TestPAC
- Formation: 2012
- Headquarters: Phoenix, AZ
- Treasurer: Mitch Manzella
- Website: http://www.testpac.org

= TestPAC =

Political action committee

TestPAC (formerly known as "TestPAC, Please Ignore") is a crowdfunded, non-connected political action committee in the United States. Its Chairman is Jeromie Whalen. It is best known for its 2012 campaign to defeat incumbent U.S. Representative Lamar Smith (R-TX) in response to the Congressman's introduction of the Stop Online Piracy Act and H.R.1981

==History==
TestPAC was registered with the Federal Election Commission on January 31, 2012. TestPAC started when several members of the Reddit community initiated a netroots boycott of GoDaddy.com and "Operation Pull Ryan", where Reddit members helped Paul Ryan's opponent, Rob Zerban raise $15,000 in 48 hours. When Ryan eventually came out in opposition of SOPA, activists Andy Posterick and Jeromie Whalen formed a political action committee for potential future campaigns.

TestPAC was originally registered as "TestPAC, Please Ignore." The name is a play on an inside joke on Reddit; the site's most popular post ever was titled "Test Post, Please Ignore."

==Overview==
TestPAC crowdsources its mission, goals and campaigns from its member-base on the PAC's discussion forum on Reddit. Although most decisions are made among PAC members, major decisions are put to an official vote on the PAC's website. So far, the organization has held two official votes: one asking members whether to campaign against Lamar Smith and one to decide on a concept for a billboard advertisement.

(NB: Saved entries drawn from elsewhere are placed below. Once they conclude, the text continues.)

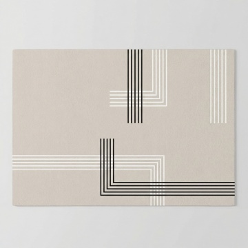 现代极简风格的客厅场景,以浅灰色调为主的现代家具布置,画面聚焦于铺在浅灰色瓷砖地面上的浅灰色条纹地毯特写,地毯表面有细腻的竖条纹纹理和柔软的编织质感,占据画面下方大部分区域;背景中可见浅灰色布艺沙发,搭配几个同色系的靠垫,沙发旁有一个圆形金属边框的小茶几,靠墙处有一个简约的灰色搁板,上面放置一个小型装饰画框;右侧是大面积的落地窗,透过轻薄的白色纱帘洒入明亮柔和的自然光,光线在地毯和地面上形成自然的光影过渡,窗外可见模糊的绿色植物,整体营造出宁静、整洁、高级的现代家居氛围,空间感开阔,线条简洁,色彩统一和谐,具有清晰的视觉层次和舒适的居住感。
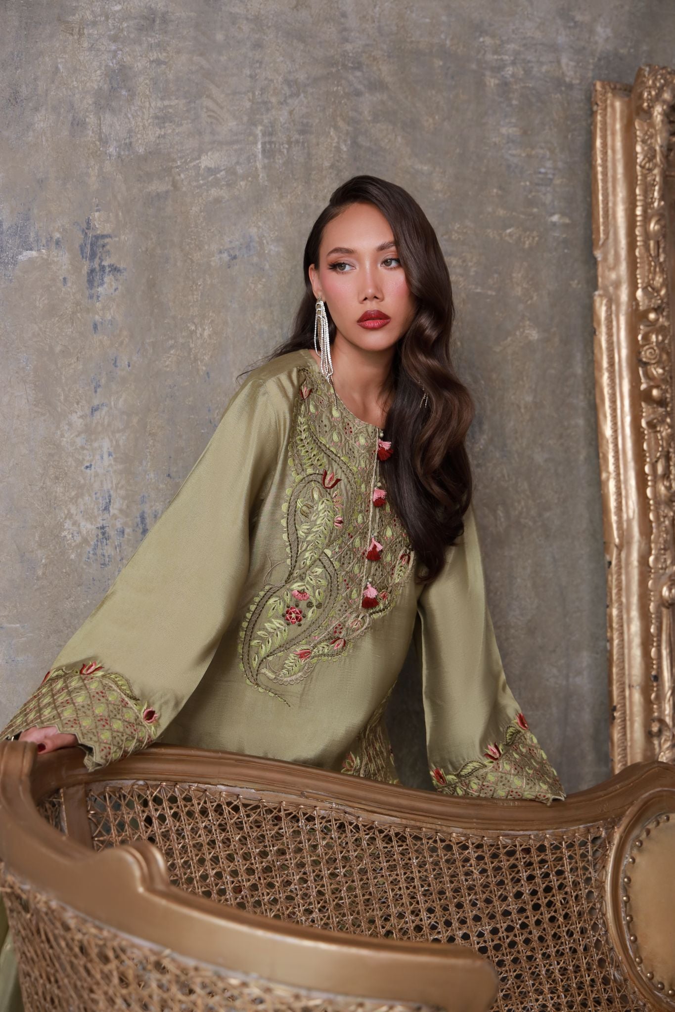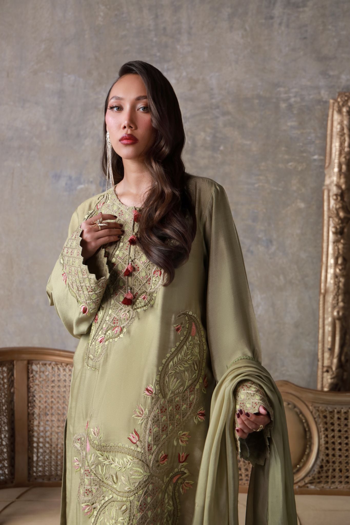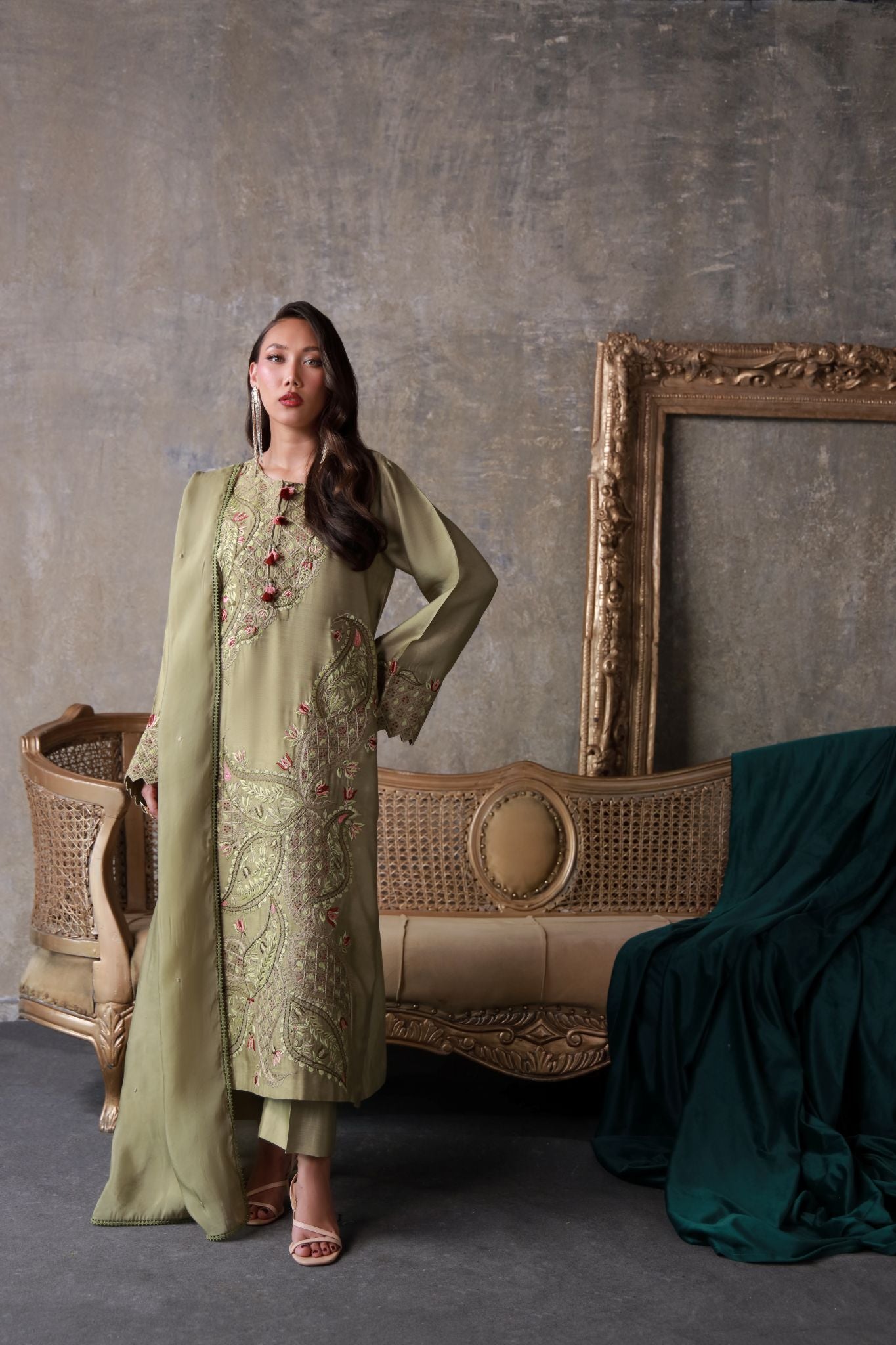 A majestic olive-toned outfit, luxuriously tailored in premium silk with intricate paisley and floral embroidery in muted gold and blush. Complemented by a sheer organza dupatta, this look captures vintage finesse with contemporary elegance.
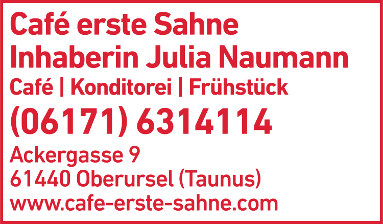 Die Adresse von Café erste Sahne lautet: Ackergasse 9, 61440 Oberursel (Taunus)
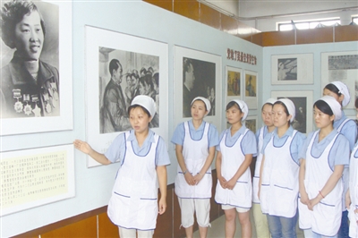 刘小萍给组员讲解赵梦桃事迹
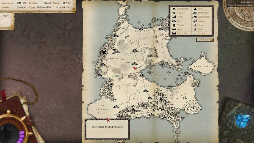 Il continente di Xeryn è veramente vasto e lo si capisce guardando la mappa del mondo ove il nostro segnalino è una piccola goccia in un mare di terra inesplorata. Il movimento si ottiene per mezzo di punti che potranno contenere al loro interno prove, quest, conflitti e dialoghi. Non potremo muoverci liberamente, ma in base ad un quantitativo di punti determinato dall’ammontare di carri e creature che li trainano. Al termine di ogni giornata di viaggi dovremo riposare e pagare i membri del nostro “comitatus”, la nostra ciurma.
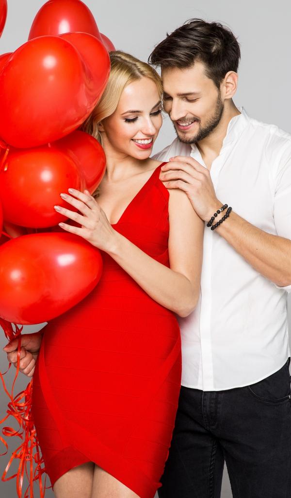 Wallpaper Loving couple with red balloons in the shape of heart
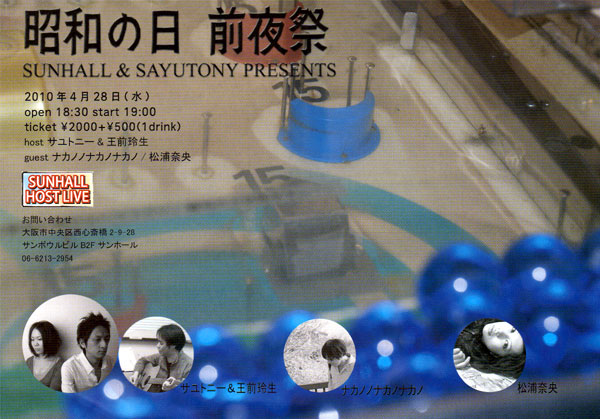 今日はアメリカ村サンホールでサユトニーホストライブ~昭和の日前夜祭~です。
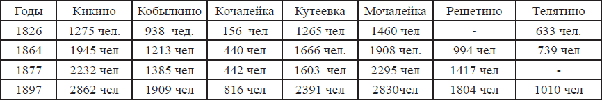 Довольно частым явлением были пожары, от которых погибала большая часть каменских сел. В с. Телятино Чембарского уезда в 1866 г. выгорели почти все дома; в 1868 г. в Кочалейке сгорела русская часть села. Тем не менее, татарские села развивались по возрастающей линии, о чем можно судить по таблице, приведенной в исследовательской работе И.Х. Гуркина "Социально-экономическое развитие татарских сёл западного региона Пензенского края в XIX – нач. XX в."[25].
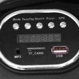 Oblíbené písničky z USB, SD karty či přes AUX. Součástí jsou i přednahrané melodie a klakson přímo na volantu.
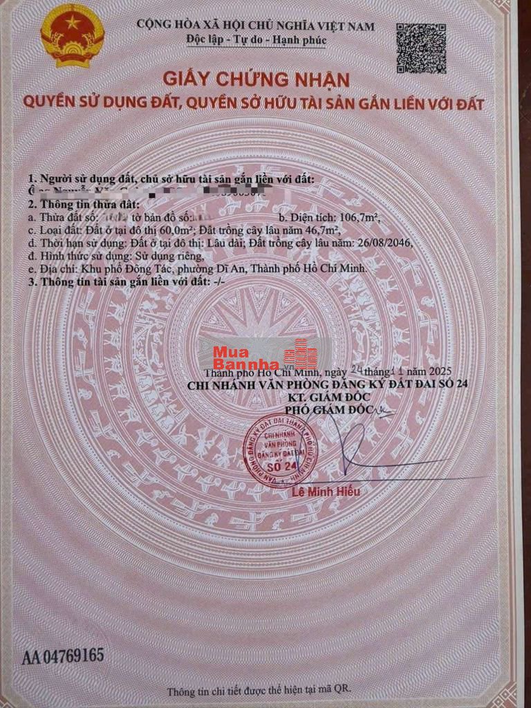 Thổ cư 60m2. Sổ hồng riêng.

TestPAC primarily relies on crowdfunding as a means of fundraising and solicits donations on social media websites such as Facebook, Twitter, and Reddit.

==Campaigns==
In February 2012, TestPAC members voted between removing 13-term incumbent Lamar Smith from office or campaign finance reform as the PAC's first target issue. With 63% of the vote, members elected to start a campaign against Smith. The campaign was officially titled "Mr. Smith Comes Back From Washington".
TestPAC chose the campaign primarily because of Smith's support of the controversial Stop Online Piracy Act and his introduction of H.R. 1981. Its strategy was to encourage registered Republicans and Democrats to vote against Smith in the 29 May 2012 semi-open Republican primary. On 4 April 2012, TestPAC released its first television commercial.
Federal Election Commission records show that TEST PAC (committee ID C00511055) made $18,737.22 in independent expenditures in 2012. In the 29 May 2012 Republican primary for Texas's 21st congressional district, Smith won 52,383 votes (76.64%), ahead of Richard Mack with 10,104 votes (14.78%) and Richard Morgan with 5,866 votes (8.58%).
The committee is now listed by the Federal Election Commission as an administratively terminated, nonqualified, unauthorised PAC.

==Leadership==

Test PAC's leadership structure is volunteer-based and open to anyone. The PAC lists several officers on its website who organize operational elements of the PAC's campaigns and manage day-to-day operations of the organization. According to the Federal Election Commission, Andrew J Posterick is registered as the PAC Treasurer.